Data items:
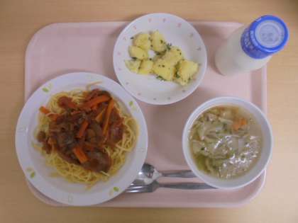 ☆5月25日(木)の給食の写真です。(スパゲッティナポリタン 牛乳 コンソメスープ 粉ふきいも)
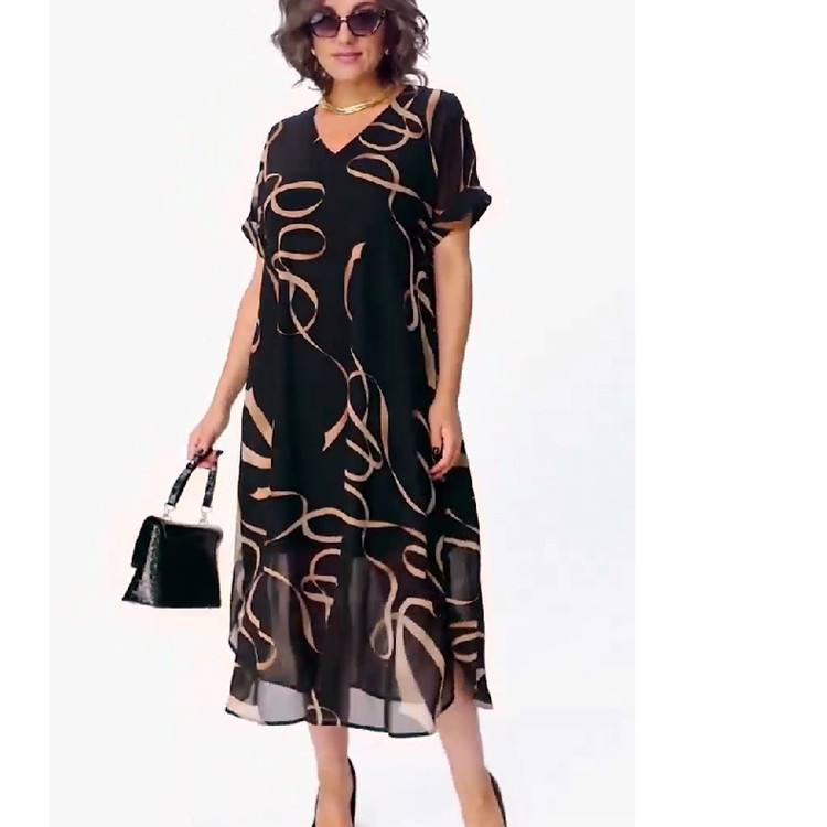 Western Style Plus Size Women's That Makes You Look Younger Printed Short Sleeve Dress
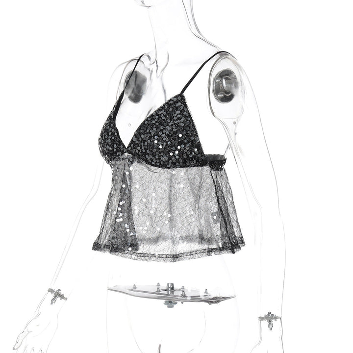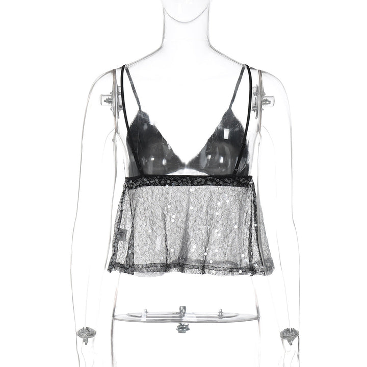 Glitter v neck backless cami top
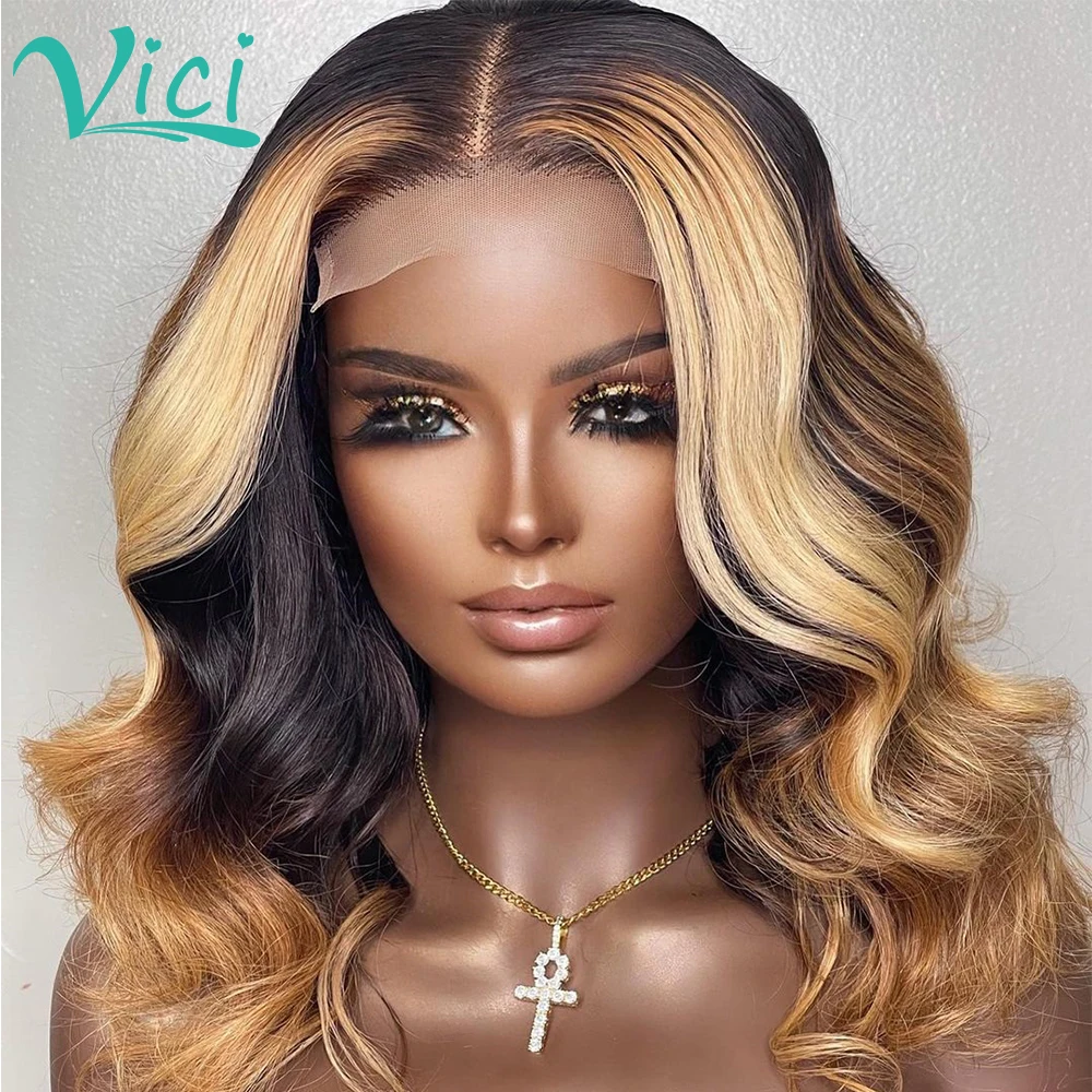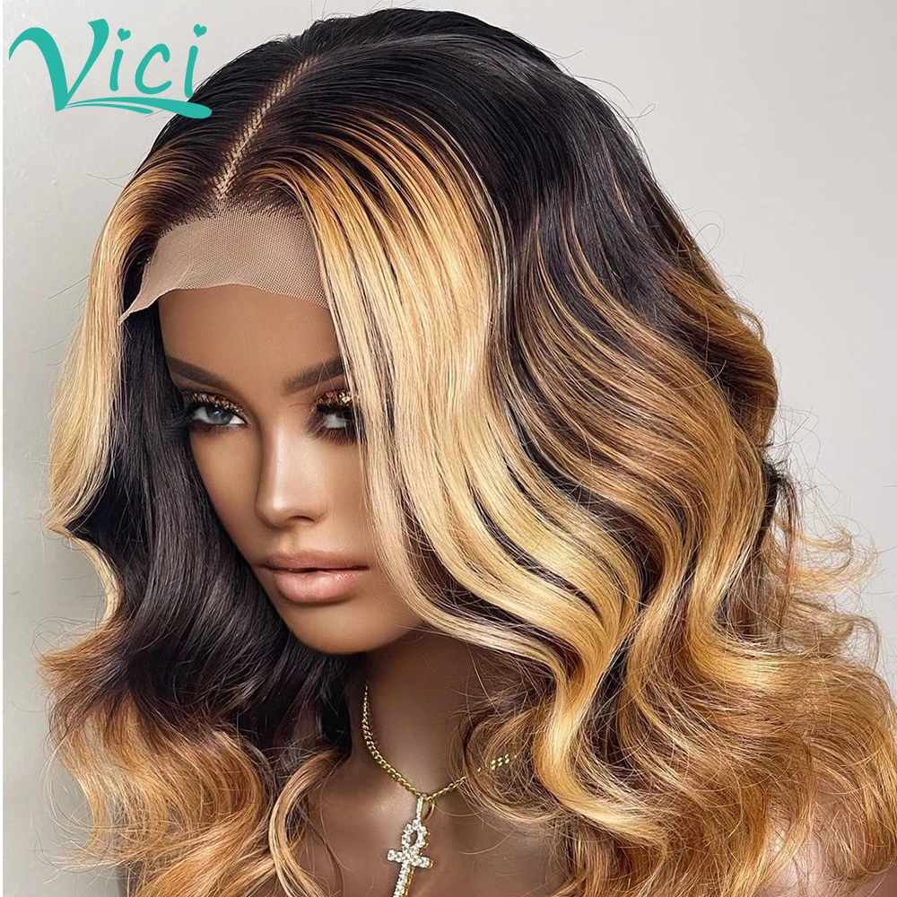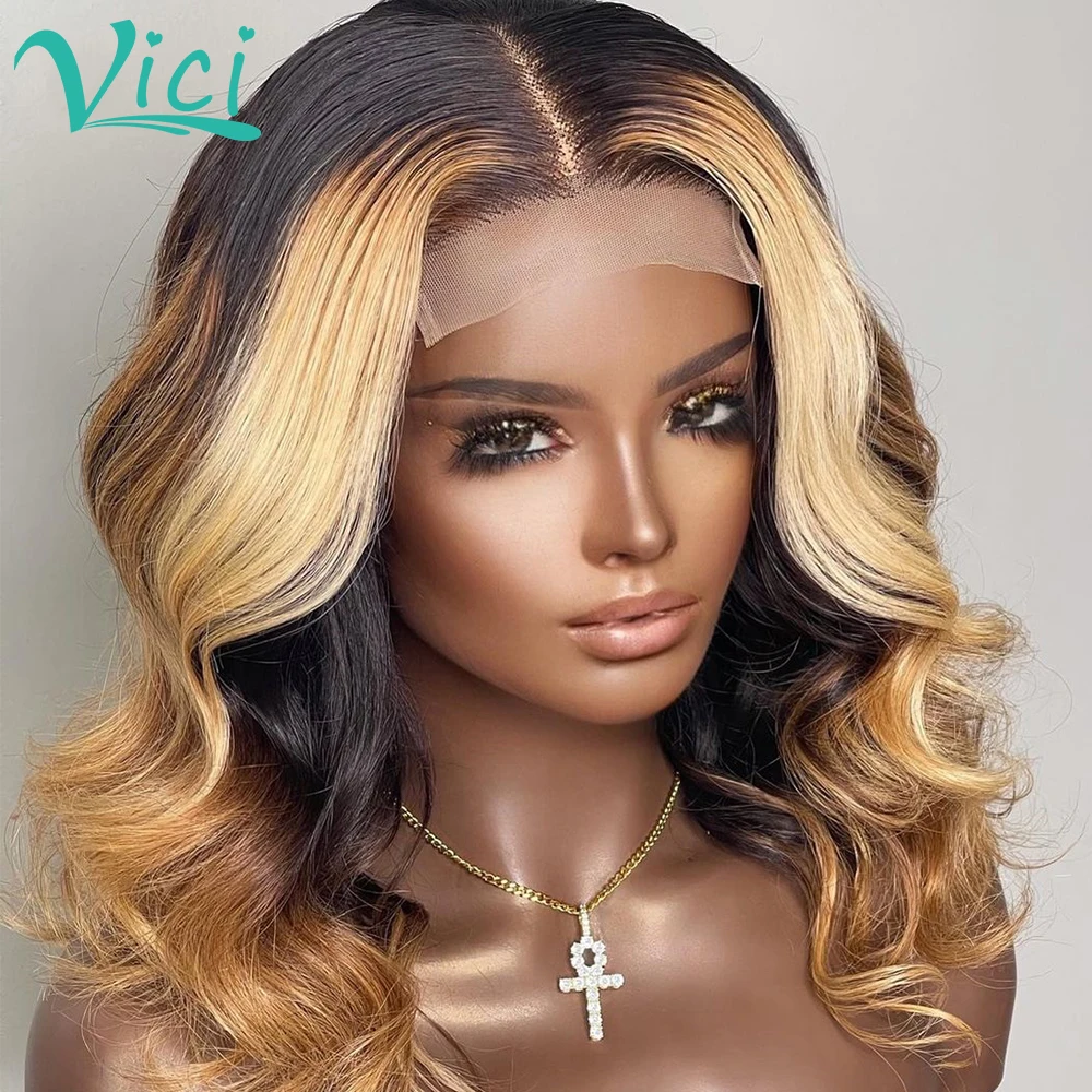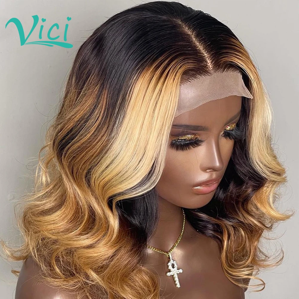 Парик из натуральных волос 1B 27, медовый блонд, с застежкой 4 х4, короткий, волнистый, для женщин, бразильские волосы Реми, 150%
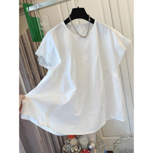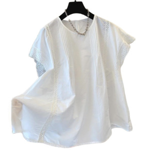 ファッショナブルでユニークで超見栄えの良いフレンチスタイルのレースプリーツホワイト半袖シャツベビードールルーズトップ女性夏
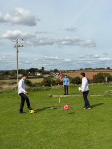 Hoy por la mañana, el grupo volvió a su integración en el instituto, y cuando acabó, fuimos en bus hasta Lympstone, una pequeña localidad del condado de Devon, donde nos esperaba nuestro monitor inglés. La actividad de hoy fue Footgolf y, como su nombre indica, se trató de conseguir meter los balones en los distintos hoyos mediante patadas. ¡Los chicos lo pasaron genial!

DESCRIPTION OF THE TASK: Quote exactly, and only, the lines from the one containing "ファッショナブルでユニークで" through the last line of the records above, both included; leave out any pictures.

RESULT:
 ファッショナブルでユニークで超見栄えの良いフレンチスタイルのレースプリーツホワイト半袖シャツベビードールルーズトップ女性夏
 Hoy por la mañana, el grupo volvió a su integración en el instituto, y cuando acabó, fuimos en bus hasta Lympstone, una pequeña localidad del condado de Devon, donde nos esperaba nuestro monitor inglés. La actividad de hoy fue Footgolf y, como su nombre indica, se trató de conseguir meter los balones en los distintos hoyos mediante patadas. ¡Los chicos lo pasaron genial!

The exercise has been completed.